What is expected: Copy the records below in full, keeping each word as it is but omitting the pictures.
┌─ Supplied records
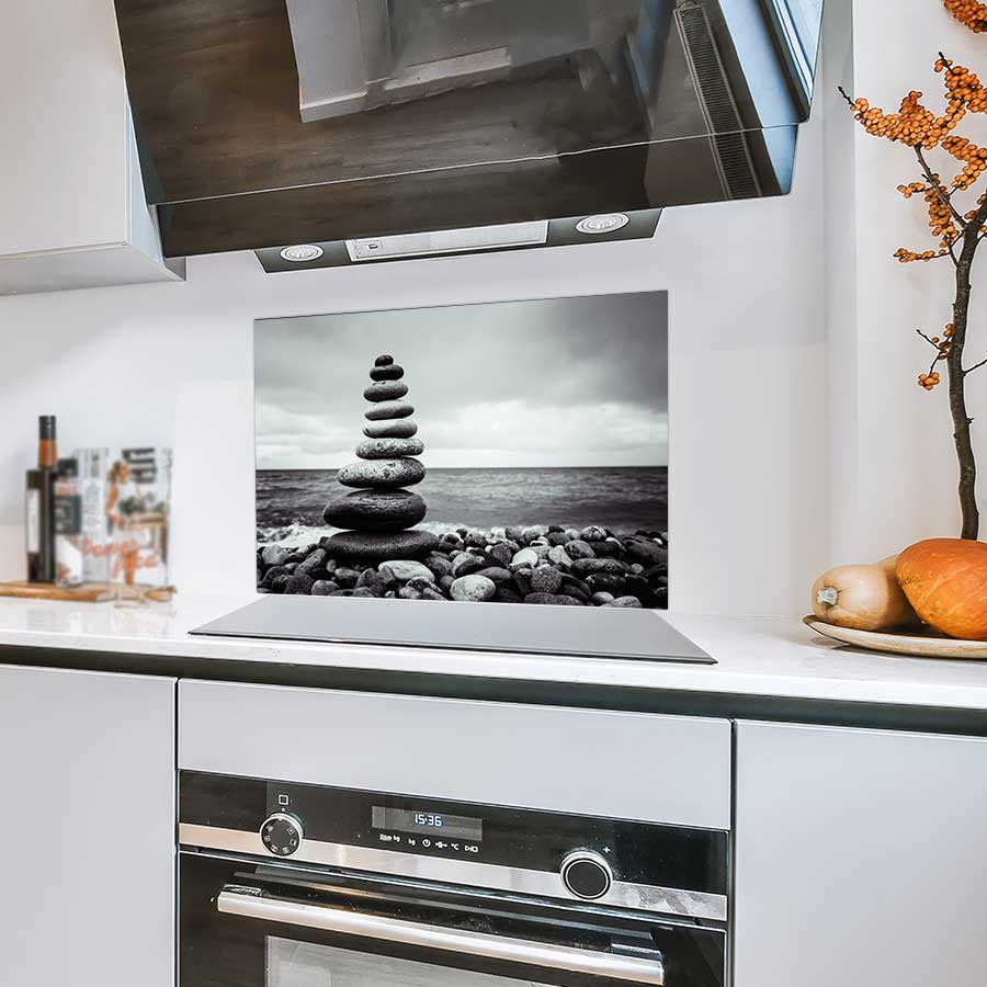 Praktisch en stijlvol: het spatscherm van Kookio beschermt je keukenmuur tegen vet, vocht en hitte.
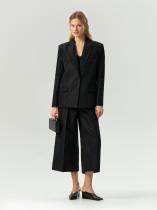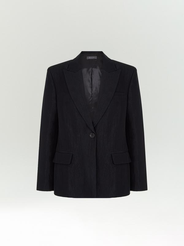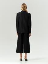 Роскошный выбор к особому случаю и не только. Дорогая фактура с лёгким жатым эффектом, цвет с красивым отливом. Всё это дают бленд любимых натуральных материалов — хлопка, льна и тенсела с добавлением нейлона, и особая обработка. Жакет выполнен на подкладке с вискозой. Удлинённая прямая модель в меру свободная, на одной пуговице чуть ниже талии. Такой вариант демонстрирует характер, смотрится статусно, но не слишком строго. Хорошо сочетается с платьями-комбинациями и не только. Завершить образ с жакетом можно стильными кюлотами из комплекта.
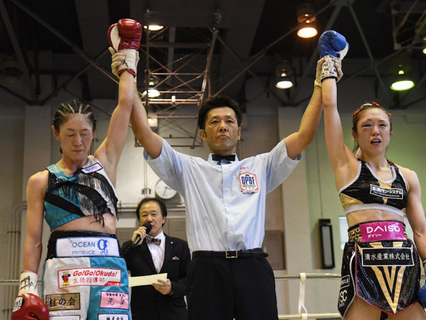 判定はドロー。奥田(左)の強打で谷山の右目が大きく腫れている
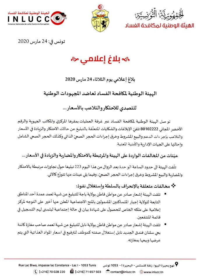 انعقد اليوم اجتماع اللجنة المشتركة بين وزارة التجارة والهيئة الوطنية لمكافحة الفساد تحت اشراف كل من محمد المسيليني وزير التجارة والعميد شوقي الطبيب رئيس الهيئة.
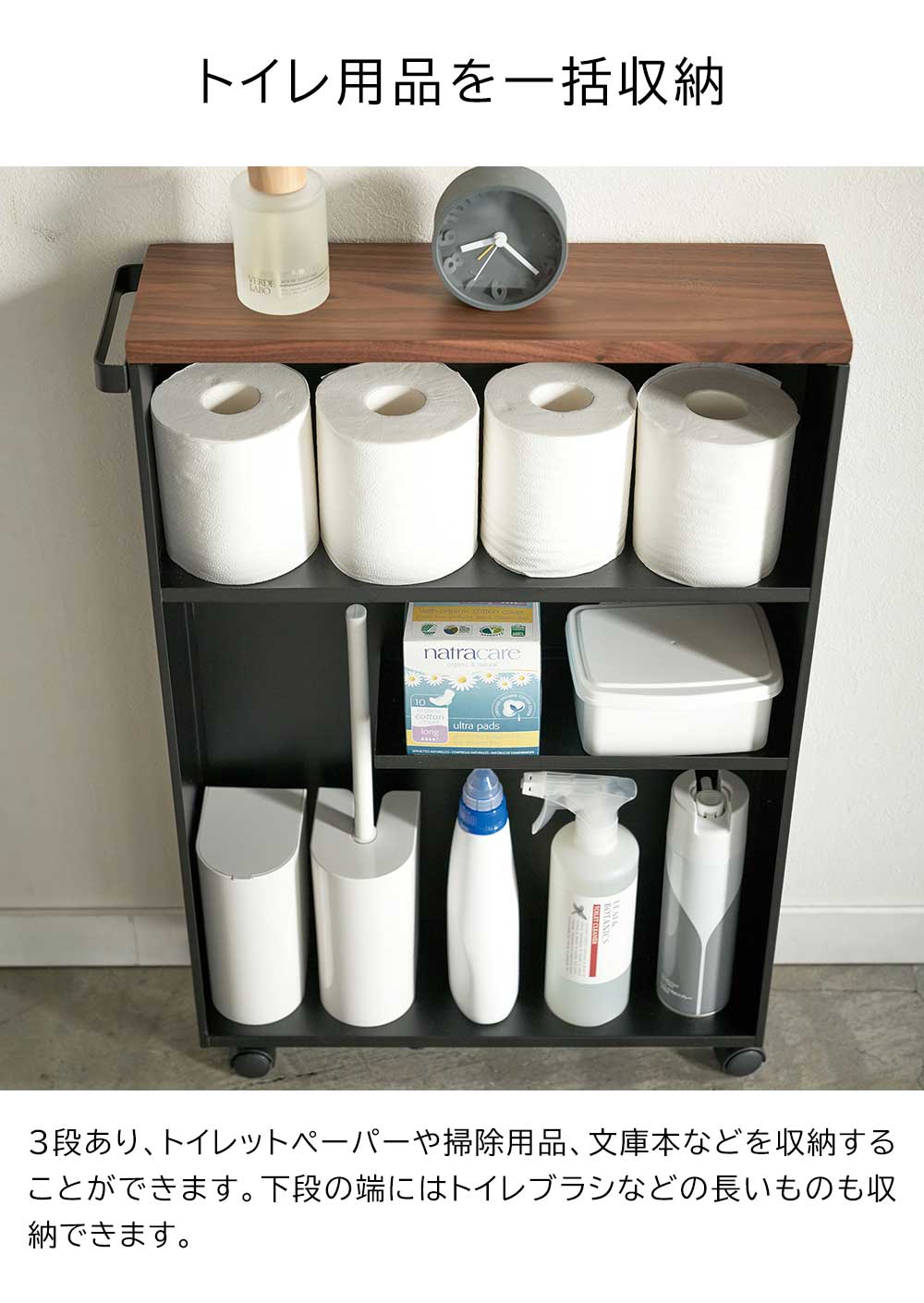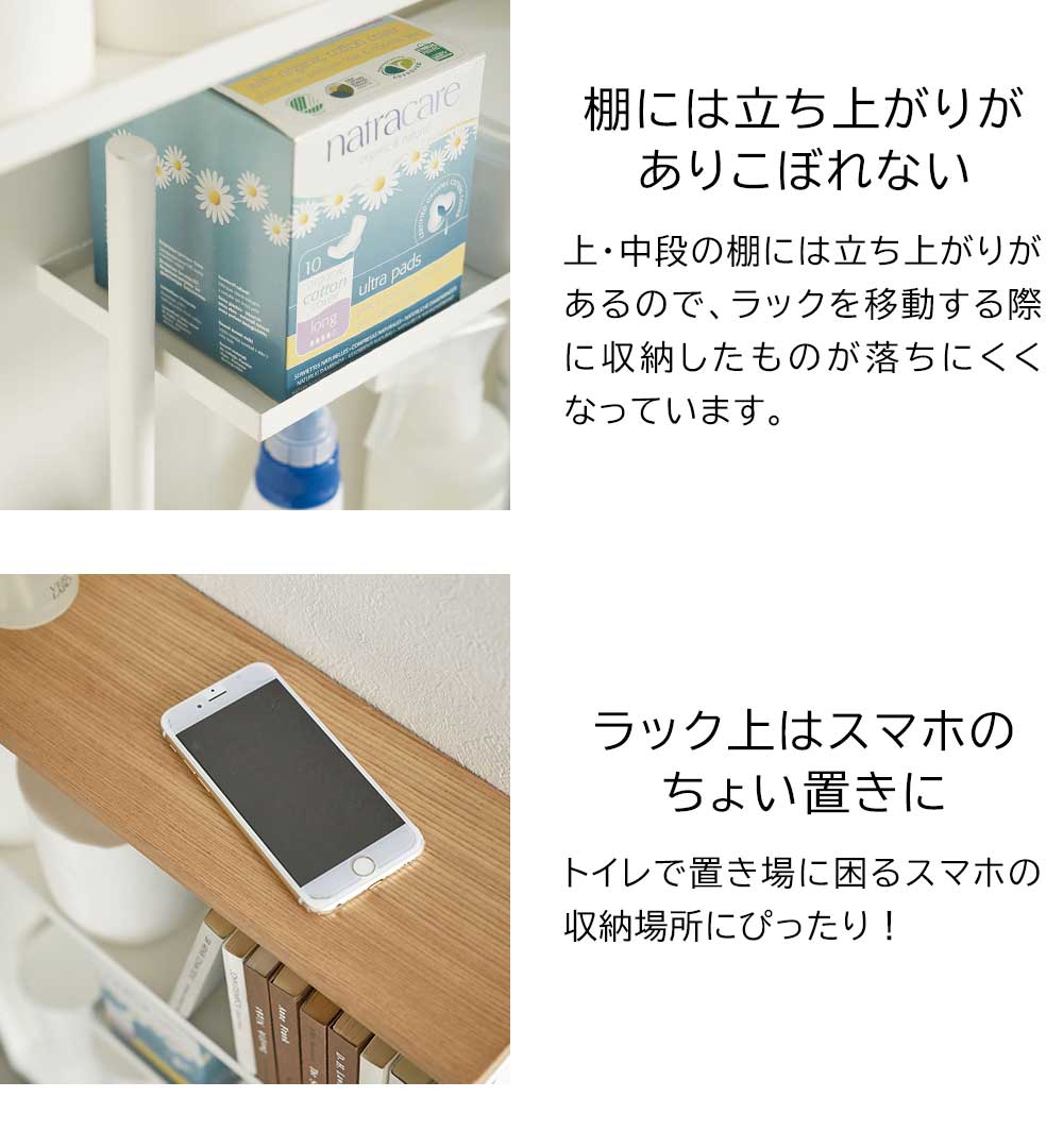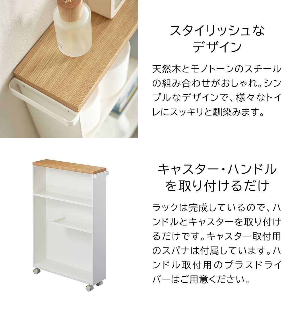 スリムなのに収納力◎ トイレって収納場所が少ないのに、置いておきたい物がたくさんありませんか?そんな方にオススメなのがこちらのトイレラック。奥行約13cmとスリムながらも頼れる収納力!トイレブラシなどの長い物を収めるスペースもあります。ハンドルとキャスター付きだから移動も簡単。裏向けに置けば中身が隠せてさらにすっきりとお使いいただけます。天然木とスチールの組み合わせは清潔感がありおしゃれでトイレをワンランク上の空間に。天板はトイレで置き場に困るスマホを置いておくのにピッタリです。 ![]() ![]() ![]() ![]() ![]() ![]() ![]() ![]() ![]() ![]() ![]() ![]() ![]() |
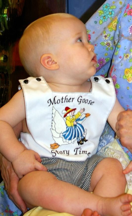 #50 Mother Goose Story Time, $10. Size 1, all cotton, lined CC Glenn with button-on bib. Used but in perfect condition.
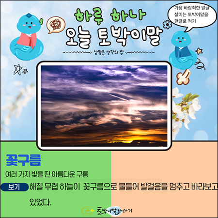 그리고 이 아름다운 말을 혼자만 알고 있기에는 너무 아깝지 않은가요? 곁에 있는 이에게 “하늘에 꽃구름이 참 예쁘다.”, “저기 많은 꽃들이 꼭 꽃구름 같아.” 하고 말을 건네보세요. 우리가 함께 쓸 때, 우리의 말과 삶은 꽃구름처럼 더욱 아름답게 피어날 것입니다.
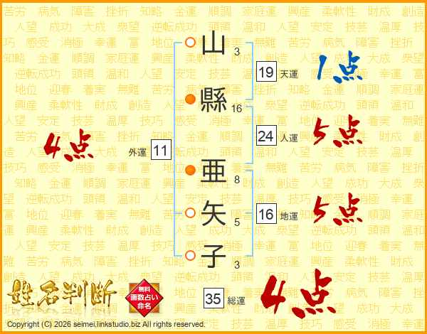 山縣亜矢子さんの総運は35画の4点!
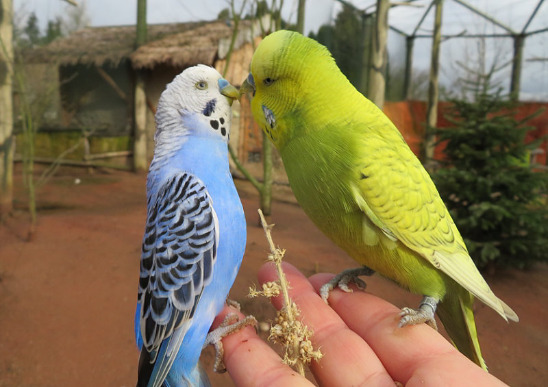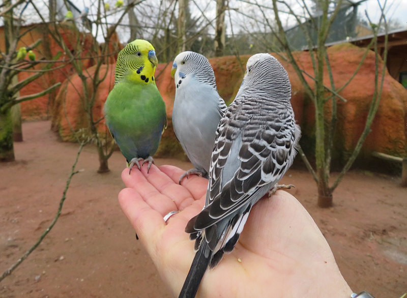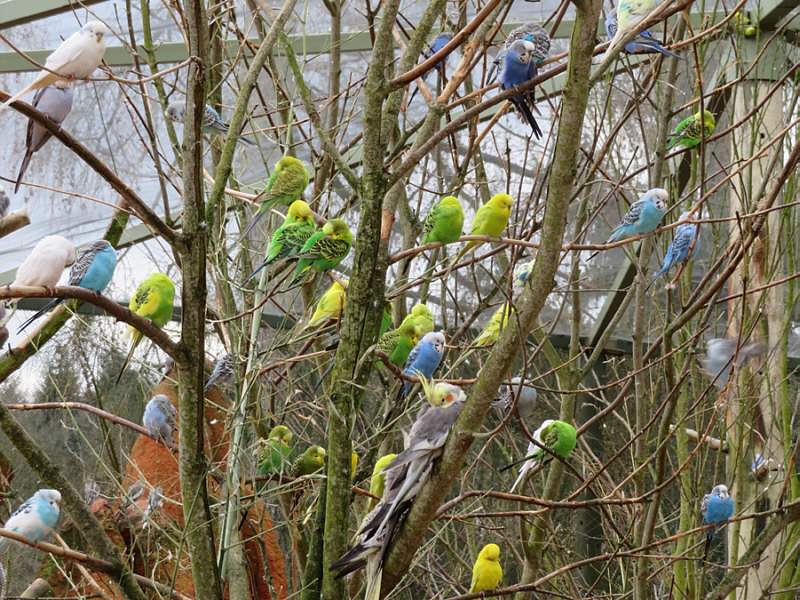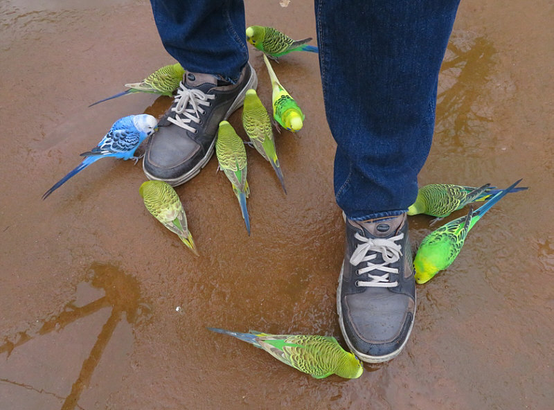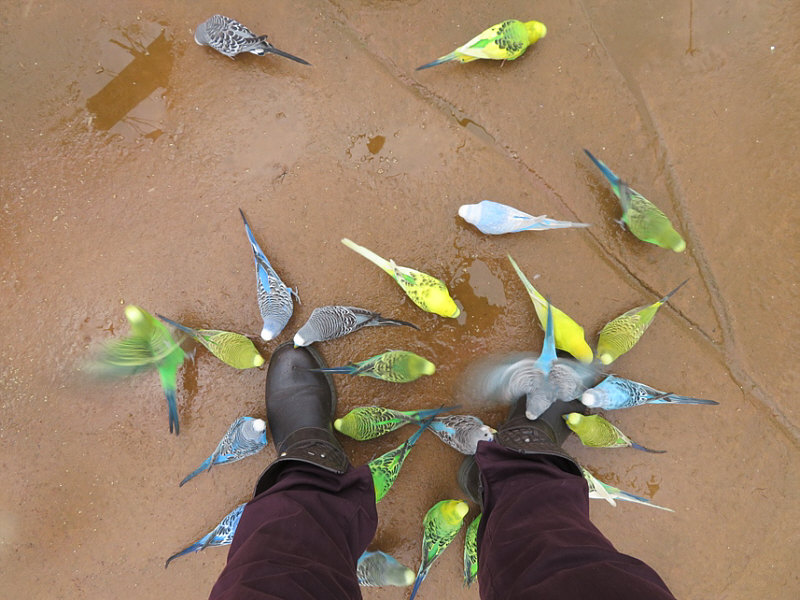 Wenn ich Sabine P. frage "bist du Hunde- oder Katzenfreund ?", dann bekomme ich die Antwort "ich bin Vogelfreund". Sabine hat ja selbst zwei Wellis daheim. Und als Vogelfreundin hat sie die begehbare Voliere des Vogelparks in Marlow sehr gerne besucht. Wir sind also in Meck-Pomm :). Als erstes begegnet uns dieses Schild: ![]() Wie ... treten ? Vögel fliegen doch ... Menschen fliegen nicht ... wie können diese denn auf die Vögel treten ? Und so treten wir ein ... und bleiben stehen: ![]() Die Wellensittiche kommen in Mengen angeflogen, direkt auf die Schuhe zu. Sie sind ganz verrückt auf Schuhe und alles, was sich daran befindet. ![]() Und da es zwischendurch auch mal regnet, ist der sandige Boden feucht und dementsprechend sahen dann auch unsere Schuhe bzw. Stiefel aus ;)). An einem Automaten können wir Körner zum Füttern kaufen. Sabine brachte Kolbenhirse mit, weil ihre Vögel die besonders mögen. Nicht nur ihre ... kaum hatte sie die Hirse in der Hand, gings im Vogelpark auch schon los: ![]() ![]() Selbstverständlich fotografierte Sabine so einige Bilder dort: ![]() ![]() ![]() ![]() Wellensittiche sind ja Schwarmvögel und deshalb sollen sie auch nicht alleine gehalten werden. Es gibt dort auch noch andere Vögel ... ![]() ... wie diese Zebrafinken. Die sind wegen ihrer Gesangskünste besonders beliebte Haustiere. Relativ pflegeleichte Tiere, die man auch in einer größeren Gruppe halten sollte. In dem Vogelpark gibt es auch noch Kamele, Flamingos, Kängurus, Aber wir kommen ja erstmal nicht von den Wellis los, die uns so liebevoll umlagern :)). |
└─
The answer:
 Praktisch en stijlvol: het spatscherm van Kookio beschermt je keukenmuur tegen vet, vocht en hitte.
 Роскошный выбор к особому случаю и не только. Дорогая фактура с лёгким жатым эффектом, цвет с красивым отливом. Всё это дают бленд любимых натуральных материалов — хлопка, льна и тенсела с добавлением нейлона, и особая обработка. Жакет выполнен на подкладке с вискозой. Удлинённая прямая модель в меру свободная, на одной пуговице чуть ниже талии. Такой вариант демонстрирует характер, смотрится статусно, но не слишком строго. Хорошо сочетается с платьями-комбинациями и не только. Завершить образ с жакетом можно стильными кюлотами из комплекта.
 判定はドロー。奥田(左)の強打で谷山の右目が大きく腫れている
 انعقد اليوم اجتماع اللجنة المشتركة بين وزارة التجارة والهيئة الوطنية لمكافحة الفساد تحت اشراف كل من محمد المسيليني وزير التجارة والعميد شوقي الطبيب رئيس الهيئة.
 スリムなのに収納力◎ トイレって収納場所が少ないのに、置いておきたい物がたくさんありませんか?そんな方にオススメなのがこちらのトイレラック。奥行約13cmとスリムながらも頼れる収納力!トイレブラシなどの長い物を収めるスペースもあります。ハンドルとキャスター付きだから移動も簡単。裏向けに置けば中身が隠せてさらにすっきりとお使いいただけます。天然木とスチールの組み合わせは清潔感がありおしゃれでトイレをワンランク上の空間に。天板はトイレで置き場に困るスマホを置いておくのにピッタリです。 ![]() ![]() ![]() ![]() ![]() ![]() ![]() ![]() ![]() ![]() ![]() ![]() ![]() |
 #50 Mother Goose Story Time, $10. Size 1, all cotton, lined CC Glenn with button-on bib. Used but in perfect condition.
 그리고 이 아름다운 말을 혼자만 알고 있기에는 너무 아깝지 않은가요? 곁에 있는 이에게 “하늘에 꽃구름이 참 예쁘다.”, “저기 많은 꽃들이 꼭 꽃구름 같아.” 하고 말을 건네보세요. 우리가 함께 쓸 때, 우리의 말과 삶은 꽃구름처럼 더욱 아름답게 피어날 것입니다.
 山縣亜矢子さんの総運は35画の4点!
 Wenn ich Sabine P. frage "bist du Hunde- oder Katzenfreund ?", dann bekomme ich die Antwort "ich bin Vogelfreund". Sabine hat ja selbst zwei Wellis daheim. Und als Vogelfreundin hat sie die begehbare Voliere des Vogelparks in Marlow sehr gerne besucht. Wir sind also in Meck-Pomm :). Als erstes begegnet uns dieses Schild: ![]() Wie ... treten ? Vögel fliegen doch ... Menschen fliegen nicht ... wie können diese denn auf die Vögel treten ? Und so treten wir ein ... und bleiben stehen: ![]() Die Wellensittiche kommen in Mengen angeflogen, direkt auf die Schuhe zu. Sie sind ganz verrückt auf Schuhe und alles, was sich daran befindet. ![]() Und da es zwischendurch auch mal regnet, ist der sandige Boden feucht und dementsprechend sahen dann auch unsere Schuhe bzw. Stiefel aus ;)). An einem Automaten können wir Körner zum Füttern kaufen. Sabine brachte Kolbenhirse mit, weil ihre Vögel die besonders mögen. Nicht nur ihre ... kaum hatte sie die Hirse in der Hand, gings im Vogelpark auch schon los: ![]() ![]() Selbstverständlich fotografierte Sabine so einige Bilder dort: ![]() ![]() ![]() ![]() Wellensittiche sind ja Schwarmvögel und deshalb sollen sie auch nicht alleine gehalten werden. Es gibt dort auch noch andere Vögel ... ![]() ... wie diese Zebrafinken. Die sind wegen ihrer Gesangskünste besonders beliebte Haustiere. Relativ pflegeleichte Tiere, die man auch in einer größeren Gruppe halten sollte. In dem Vogelpark gibt es auch noch Kamele, Flamingos, Kängurus, Aber wir kommen ja erstmal nicht von den Wellis los, die uns so liebevoll umlagern :)). |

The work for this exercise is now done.